Further down are entries; set down exactly and only the lines from the one with "Silver Gold Plated" up to and including the one with "this module has", dropping each picture.

_Material provided_
____________________

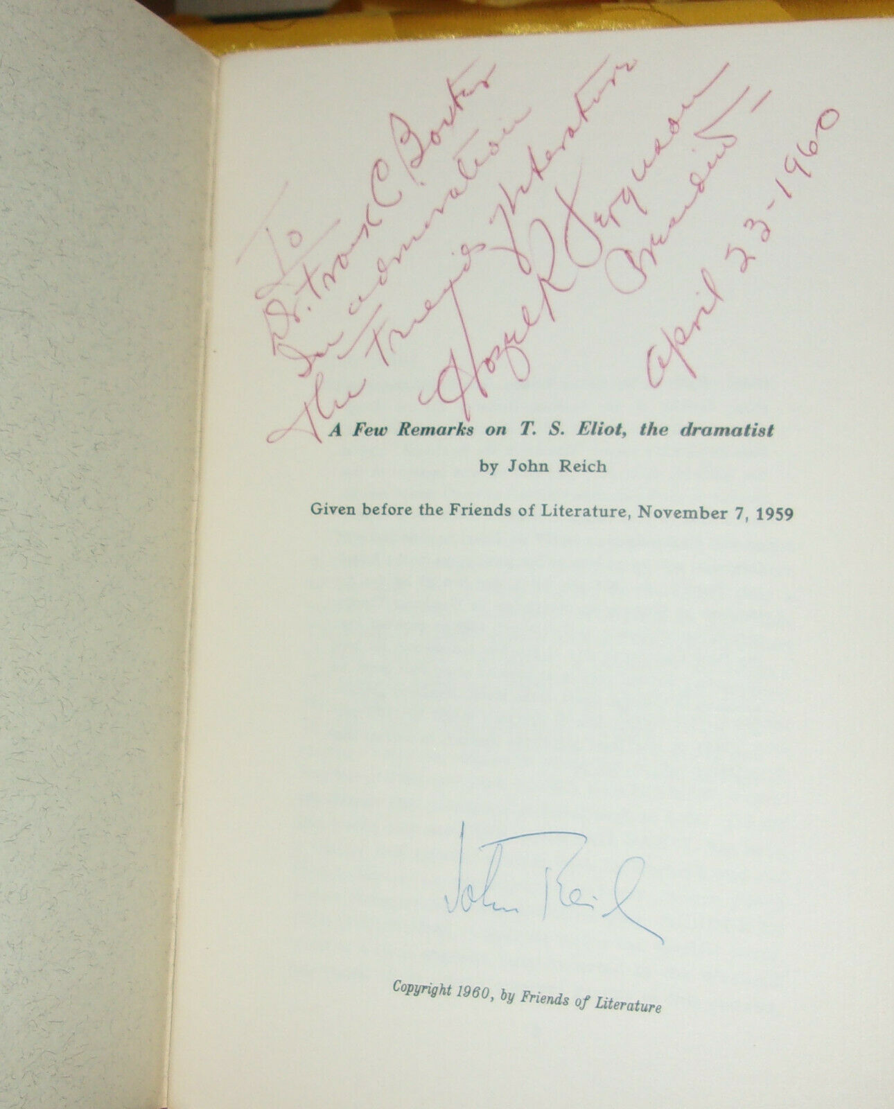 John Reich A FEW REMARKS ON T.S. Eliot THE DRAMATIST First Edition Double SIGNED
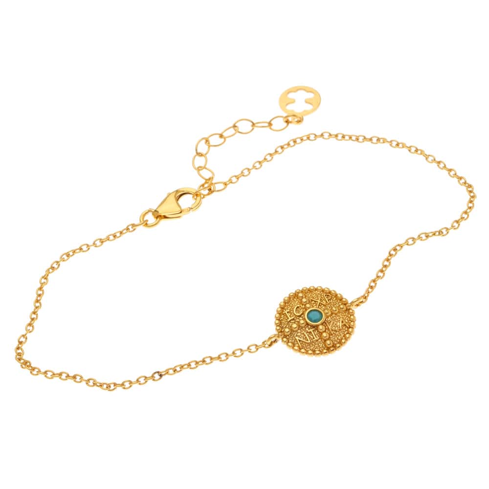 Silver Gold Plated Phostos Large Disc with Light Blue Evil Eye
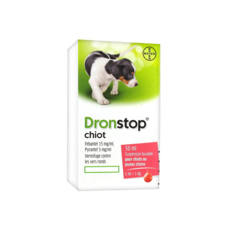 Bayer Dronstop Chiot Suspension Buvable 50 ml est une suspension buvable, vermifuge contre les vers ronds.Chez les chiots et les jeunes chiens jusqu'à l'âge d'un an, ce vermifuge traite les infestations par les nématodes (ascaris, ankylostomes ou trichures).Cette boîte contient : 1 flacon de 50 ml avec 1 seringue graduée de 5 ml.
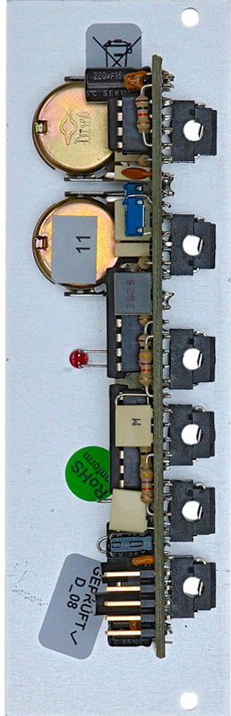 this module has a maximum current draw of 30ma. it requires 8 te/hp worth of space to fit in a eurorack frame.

____________________

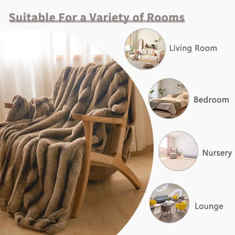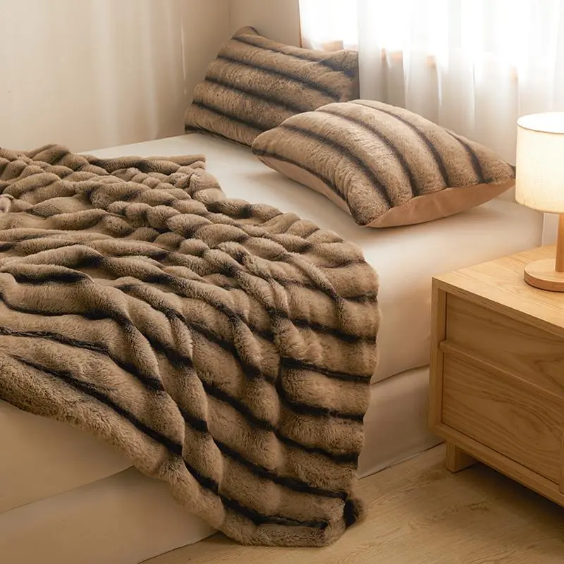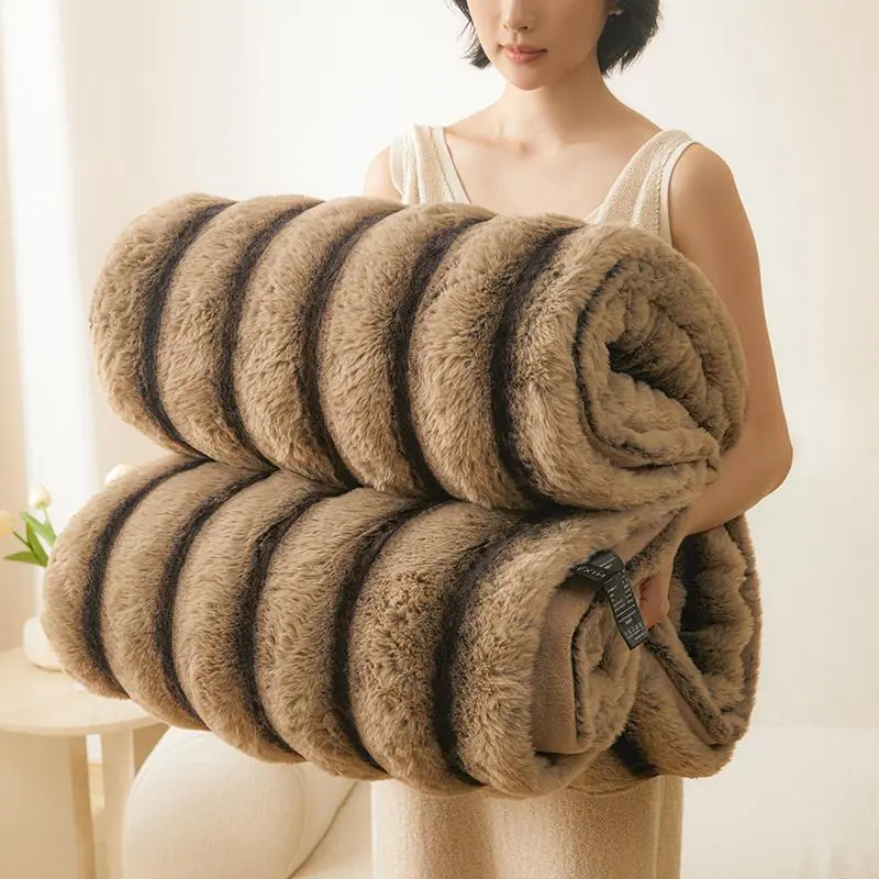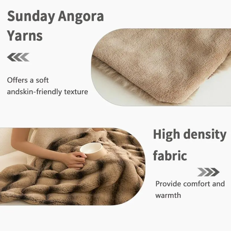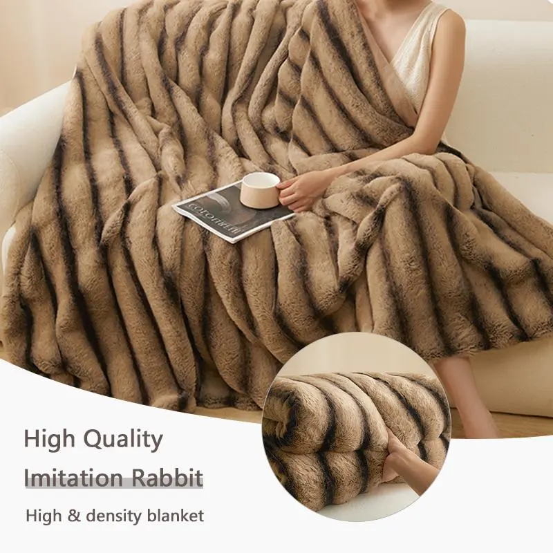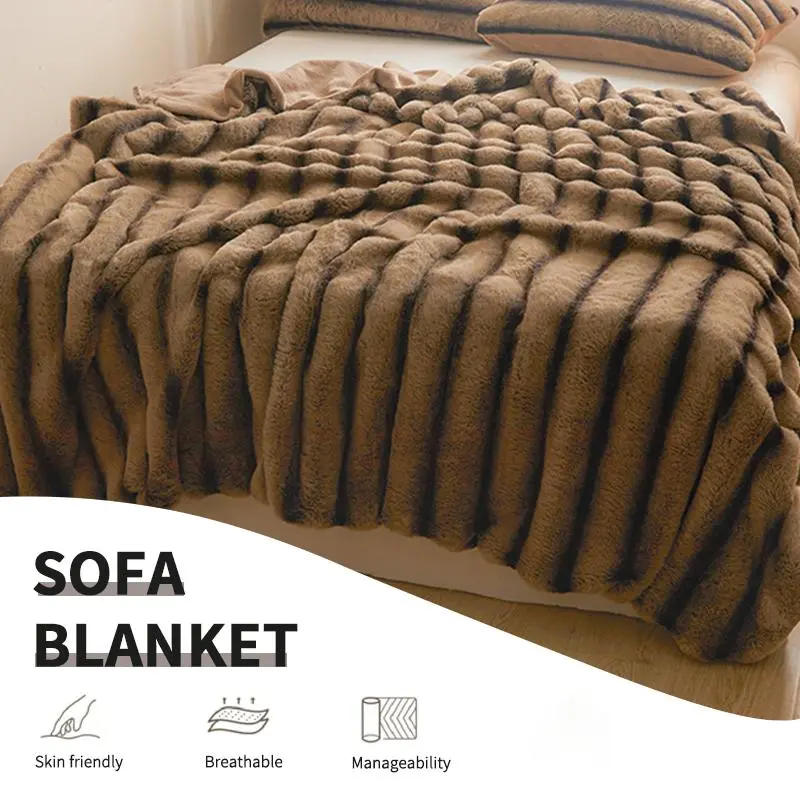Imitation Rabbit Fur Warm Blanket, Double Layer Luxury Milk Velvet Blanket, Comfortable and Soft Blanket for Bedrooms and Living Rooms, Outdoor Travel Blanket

____________________

_Written response_
 Silver Gold Plated Phostos Large Disc with Light Blue Evil Eye
 Bayer Dronstop Chiot Suspension Buvable 50 ml est une suspension buvable, vermifuge contre les vers ronds.Chez les chiots et les jeunes chiens jusqu'à l'âge d'un an, ce vermifuge traite les infestations par les nématodes (ascaris, ankylostomes ou trichures).Cette boîte contient : 1 flacon de 50 ml avec 1 seringue graduée de 5 ml.
 this module has a maximum current draw of 30ma. it requires 8 te/hp worth of space to fit in a eurorack frame.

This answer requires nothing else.